▶ **Records shown**:
▽
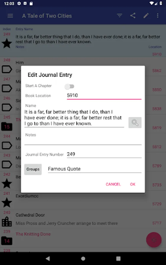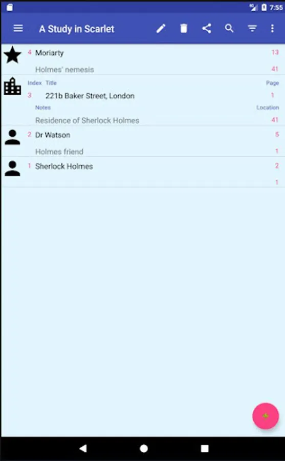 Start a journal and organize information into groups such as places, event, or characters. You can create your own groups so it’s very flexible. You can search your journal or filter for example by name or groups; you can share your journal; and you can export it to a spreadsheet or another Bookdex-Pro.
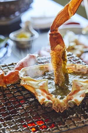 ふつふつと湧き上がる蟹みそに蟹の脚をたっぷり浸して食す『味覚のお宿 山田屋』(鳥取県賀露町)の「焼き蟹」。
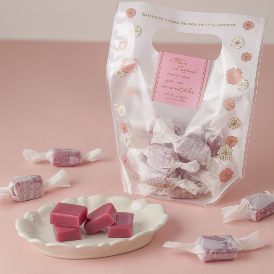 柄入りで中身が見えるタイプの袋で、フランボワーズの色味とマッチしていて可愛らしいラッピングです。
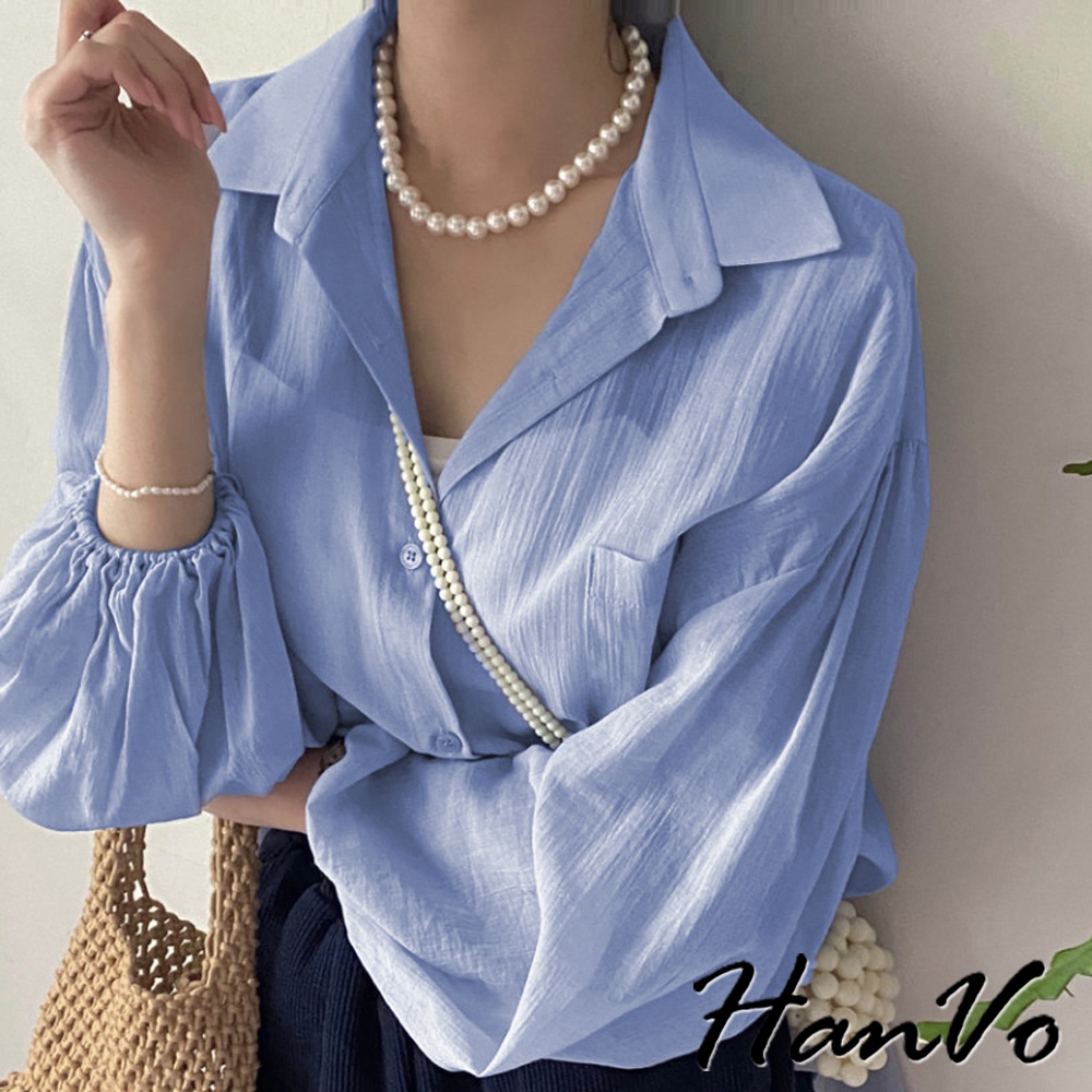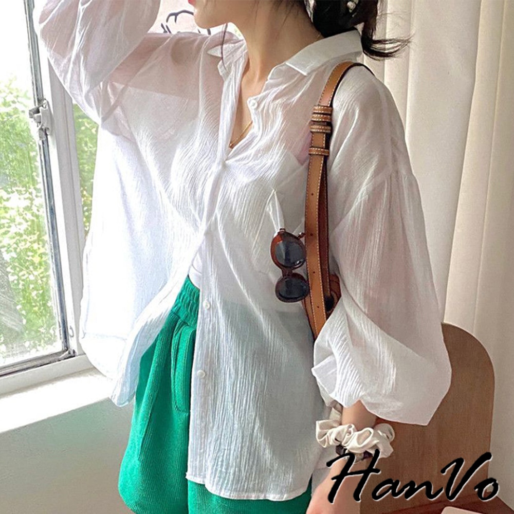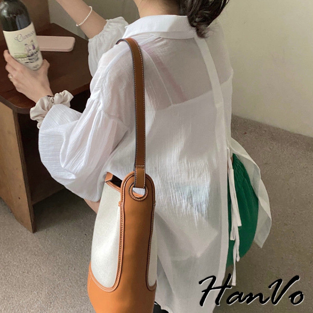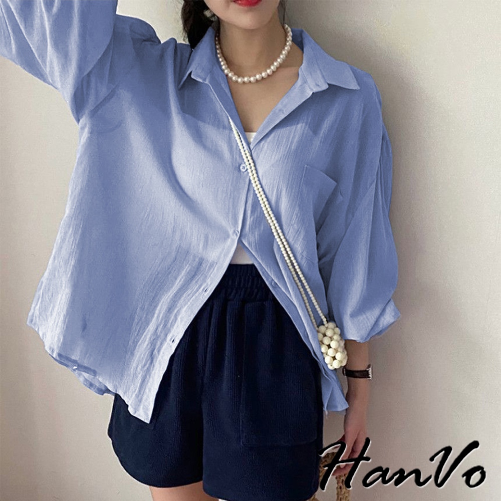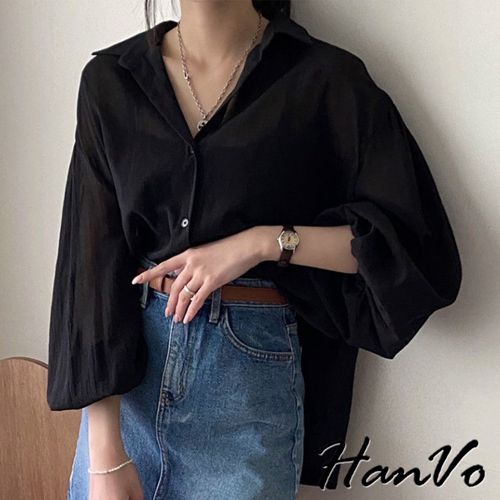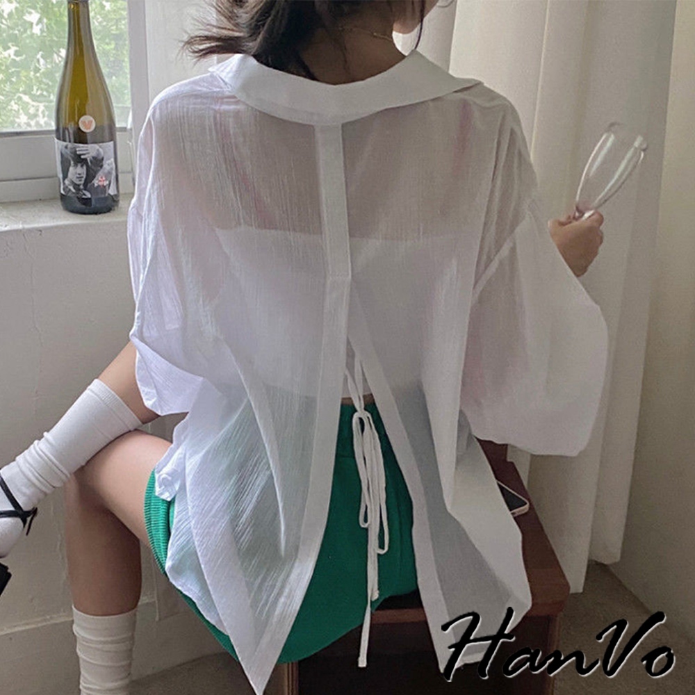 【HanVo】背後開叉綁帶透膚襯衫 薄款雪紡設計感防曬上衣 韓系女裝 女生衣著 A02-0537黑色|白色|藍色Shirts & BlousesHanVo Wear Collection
△
▽
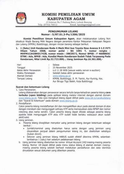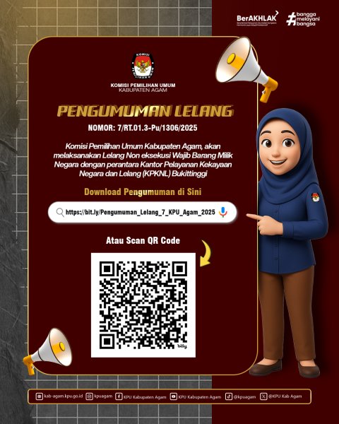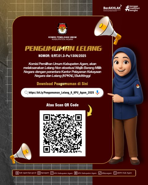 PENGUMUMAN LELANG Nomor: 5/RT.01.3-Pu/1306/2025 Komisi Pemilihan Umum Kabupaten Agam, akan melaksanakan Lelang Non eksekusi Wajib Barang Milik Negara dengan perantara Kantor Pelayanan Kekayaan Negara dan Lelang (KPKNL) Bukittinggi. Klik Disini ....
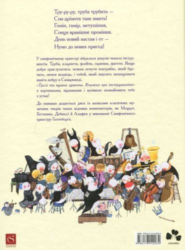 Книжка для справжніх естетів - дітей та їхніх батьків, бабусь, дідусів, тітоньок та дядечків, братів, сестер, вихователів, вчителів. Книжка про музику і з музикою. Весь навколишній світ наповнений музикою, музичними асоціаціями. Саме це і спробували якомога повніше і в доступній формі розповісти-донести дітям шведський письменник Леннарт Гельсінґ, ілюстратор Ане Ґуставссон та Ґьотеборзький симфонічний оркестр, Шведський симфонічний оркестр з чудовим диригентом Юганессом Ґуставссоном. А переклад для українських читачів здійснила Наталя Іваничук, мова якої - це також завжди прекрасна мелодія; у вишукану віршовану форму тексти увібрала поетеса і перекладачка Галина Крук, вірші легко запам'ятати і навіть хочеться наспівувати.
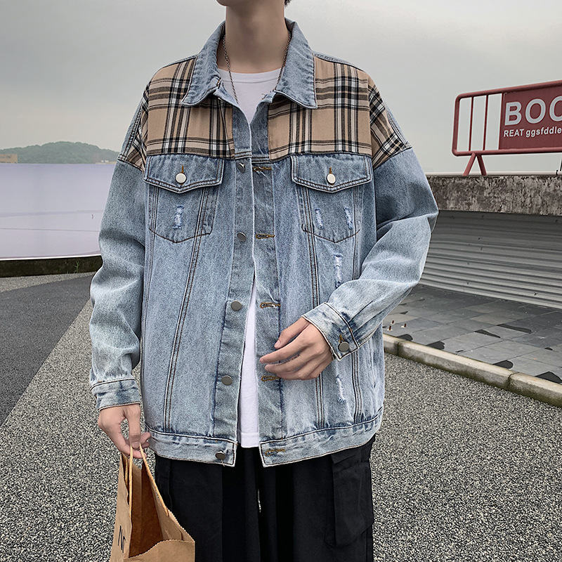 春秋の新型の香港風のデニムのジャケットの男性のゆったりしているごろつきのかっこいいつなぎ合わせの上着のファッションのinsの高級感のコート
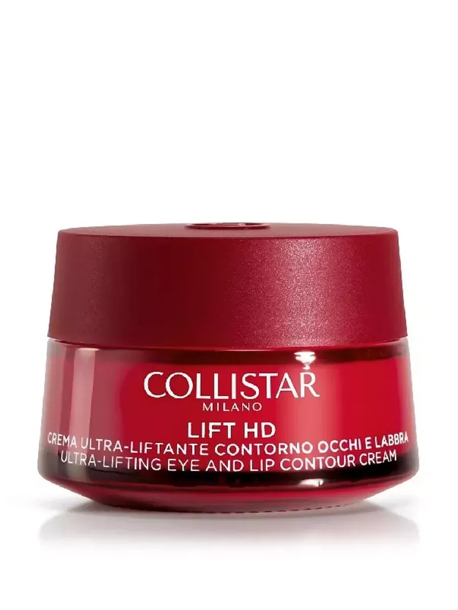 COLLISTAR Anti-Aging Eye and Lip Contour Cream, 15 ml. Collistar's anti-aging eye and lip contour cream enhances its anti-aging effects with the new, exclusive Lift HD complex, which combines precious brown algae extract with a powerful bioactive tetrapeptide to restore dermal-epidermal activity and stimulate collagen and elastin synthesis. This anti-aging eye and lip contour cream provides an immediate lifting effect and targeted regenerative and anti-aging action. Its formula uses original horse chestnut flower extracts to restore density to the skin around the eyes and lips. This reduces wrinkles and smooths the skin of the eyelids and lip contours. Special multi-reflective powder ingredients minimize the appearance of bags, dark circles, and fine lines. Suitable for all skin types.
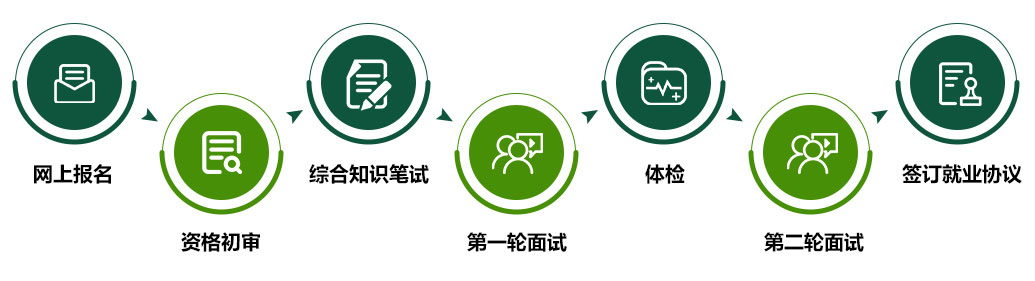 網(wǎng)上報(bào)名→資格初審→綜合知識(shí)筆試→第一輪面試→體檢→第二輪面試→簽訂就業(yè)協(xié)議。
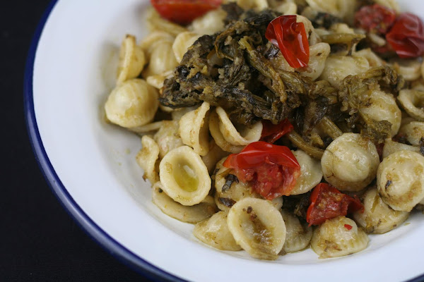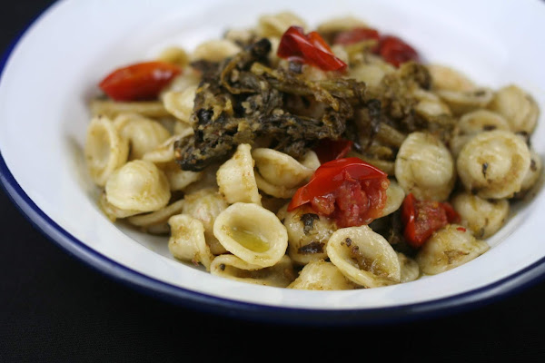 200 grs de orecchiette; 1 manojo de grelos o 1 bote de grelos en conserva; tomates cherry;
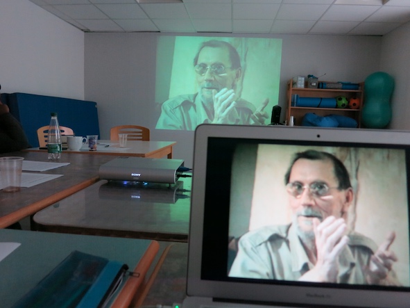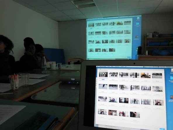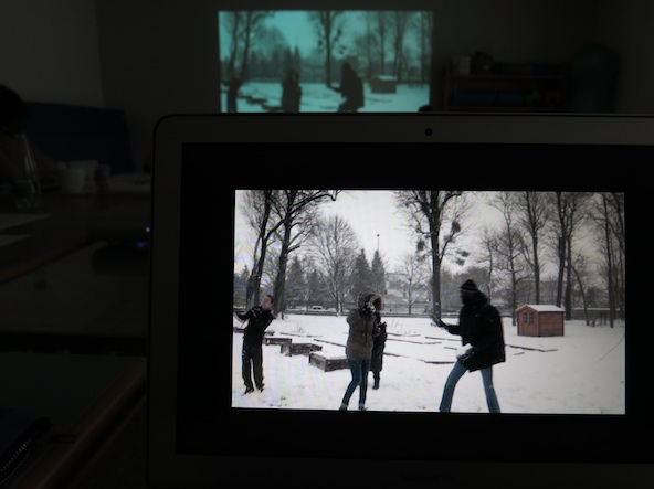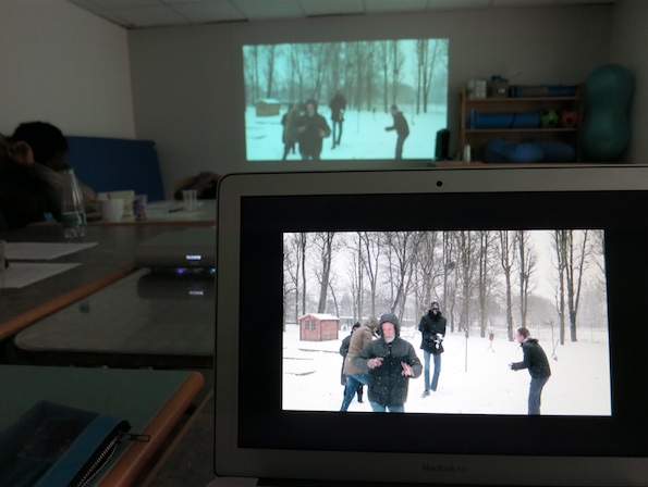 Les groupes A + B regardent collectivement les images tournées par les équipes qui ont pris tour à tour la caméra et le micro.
△
▶ **Work to complete**:
Everything between and including the line above containing "ふつふつと湧き上がる蟹みそに" and the line containing "BlousesHanVo Wear Collection" should be reproduced exactly, with pictures excluded.

▶ **Your solution**:
 ふつふつと湧き上がる蟹みそに蟹の脚をたっぷり浸して食す『味覚のお宿 山田屋』(鳥取県賀露町)の「焼き蟹」。
 柄入りで中身が見えるタイプの袋で、フランボワーズの色味とマッチしていて可愛らしいラッピングです。
 【HanVo】背後開叉綁帶透膚襯衫 薄款雪紡設計感防曬上衣 韓系女裝 女生衣著 A02-0537黑色|白色|藍色Shirts & BlousesHanVo Wear Collection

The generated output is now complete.